The colors of the flowers are important to the various pollinators that visit them. White flowers attract bats and night-flying moths; red flowers attract hummingbirds; blue and purple flowers attract bees.

As you probably know, perennials usually don't bloom all summer. There are early perennials such as phlox, monarda, shasta daisies, and lavender. This year many of our lavender plants are blooming for a second time based on the good, dry weather. Lavender also attracts bees. Perennials that are blooming now include gaura--a fine delicate plant that will wave in even a slight breeze, perennial daisies of many colors and varieties, and fall-blooming asters.

A plant that really doesn't fit into our normal perennial or annual category is Popcorn cassia from tropical central and eastern Africa. It is grown as an ornamental and is hardy in zones 9-11 so can be brought inside in the winter. It blooms profusely and when you touch the leaves or flower you get the scent of buttered popcorn--quite a novelty in the children's garden. Its growth is very rapid (up to and beyond 6 feet in a summer) and it flowers by mid-to late-summer.

Solidago sempervirens or Seaside goldenrod is one of the many goldenrod plants in one of our beds. It is a low-maintenance native and unique since it is the latest blooming goldenrod and just blooming now. Seaside goldenrod provides the last few flowers in the last pockets of warmth and consequently monopolizes the last pollinators — making its late-blooming strategy pay off. Seaside goldenrod’s blooms are not simply happenstance flowers out of season; flowering is the plant’s response to shorter days. The waxy, fleshy leaves of seaside goldenrod are distinctive. They help the plant retain water and are an adaptation to the drying effects of salt spray, because its natural habitat is along the eastern Atlantic shoreline and sand dunes.

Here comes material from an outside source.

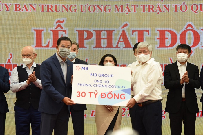 Với trách nhiệm của mình, Tập đoàn Tài chính MB đã ủng hộ 30 tỷ đồng ủng hộ cho MTTQ để mua vaccine và 30 tỷ đồng đóng góp vào Quỹ vaccine phòng COVID-19, nâng tổng số tiền mà Tập đoàn MB trao tặng, ủng hộ phòng, chống COVID-19 đến thời điểm này lên tới khoảng 100 tỷ đồng.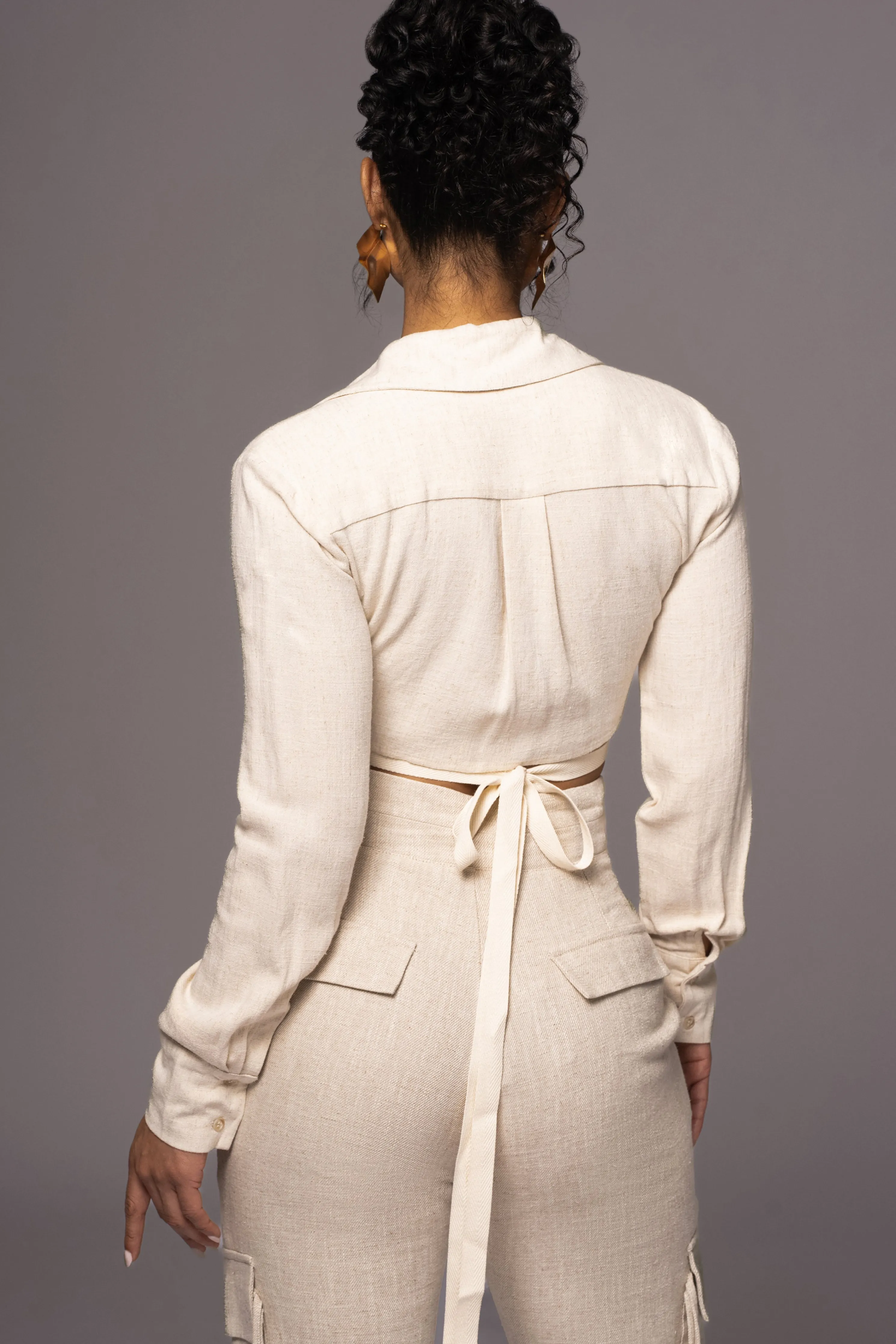 The Natural Drift Away Linen Wrap Top is here to easeon those hot summer days!Constructed of a Linen blend, this effortless topbrings you to a level of elegance ina collared neckline with a wrap-front design and back tie closure. Wrap it in so many ways, the possibilities are endless. Pair with our Better Half Linen Utility Pants for the complete look. Cuffed sleeves. No stretch.

Another unusual goldenrod is wreath goldenrod or blue stem goldenrod, Solidago caesia. This plant likes partial shade so grows best in our triangle bed under the tree. It is found in open woodlands and grows well with ferns and other woodland plants.

There should be several more weeks of mild weather, hopefully in the 70s, that will enable you to make a pleasant journey to our Trial Garden to view the last flowers of the season.